I went NC with the abusers in my family as soon as I found out (both were ‘step’ relations who had married into the family when I was an adult, so honestly, no loss to me whatsoever). But it took several years to truly come to terms with close family members’ reactions to the abuse. I really tried hard for about 3 years to get them to come around to understanding how serious this all was before we went NC.

Given most people never go NC with an abuser after finding out what they’ve done, it doesn’t strike me as odd that it’s only come out now after the trial. I’m not exactly a huge Phil fan, but it sounds pretty normal to me, given my experiences.
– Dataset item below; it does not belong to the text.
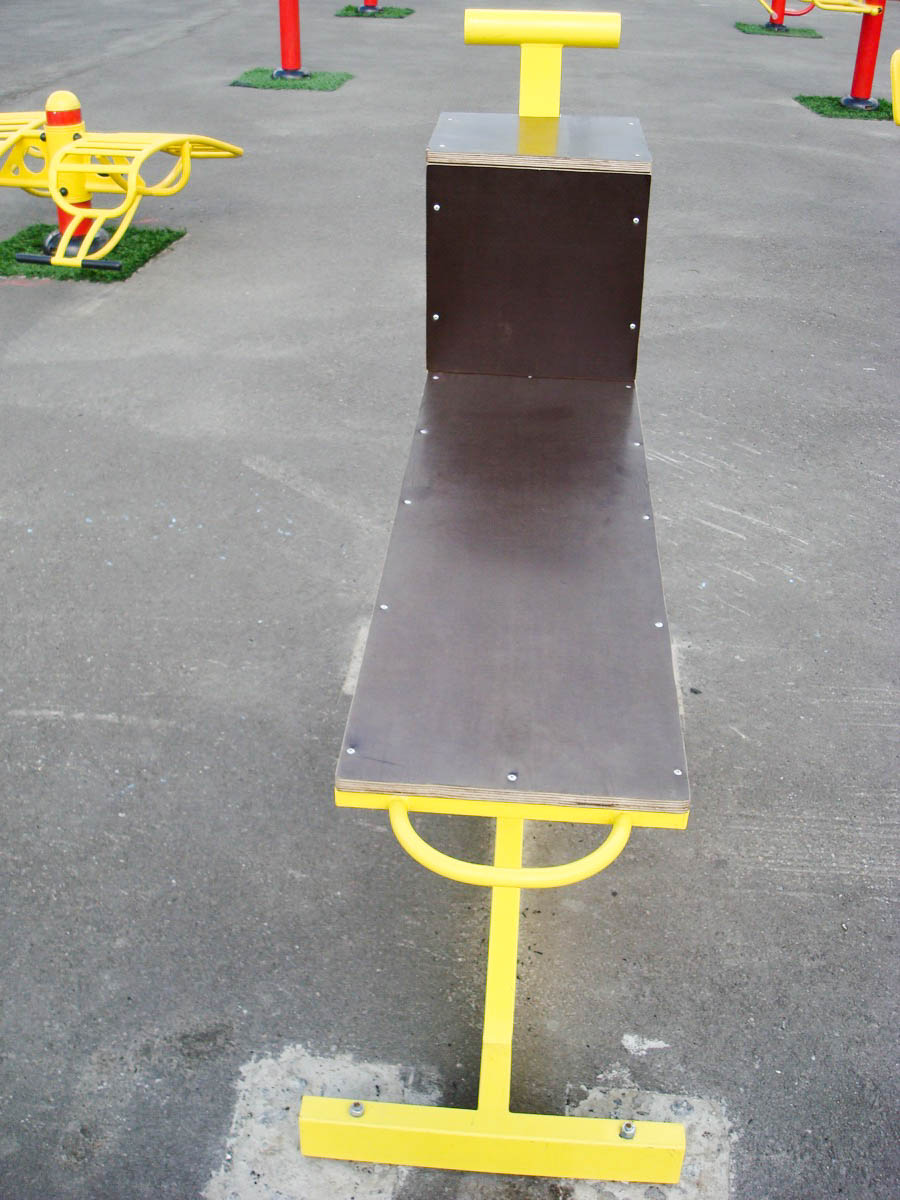 На тренажере есть поручни с резиновыми накладками, с помощью которых можно легко и просто занять правильную позицию и подняться после выполнения упражнения.

TangledUpinBlu · 03/04/2023 21:06

My brother stole from my child.
He's still my brother because brother is just the label for a male sibling.
I can't disown the fact we have the same parents and grew up together but I stopped speaking to him that day.
I would consider forgiving if he was forthcoming with an apology and pays back what he took.
I doubt that will happen.
I've seen him once since then, at a family funeral, I was polite but distant.
It's hard for my mum, she'd love to have us all together which I understand, my sister's don't speak to him either for their own reasons I'm not completely clear about.
Mum knows better than to try to force the issue or create an issue by inviting him anywhere, she still sees him on her own.

ReunitedThorns · 03/04/2023 21:07

As far as I'm concerned This Morning no longer has a lead presenter.

He should be sacked, and hopefully the full truth can come out.

FabFitFifties · 03/04/2023 21:11

Saddm - 💐

Silentmama · 03/04/2023 21:15

He knew - he knew long before the court case - this is career damage limitation.

If he was a moral man (which he is clearly not) he would have reported his brother and disowned him long before it became public knowledge.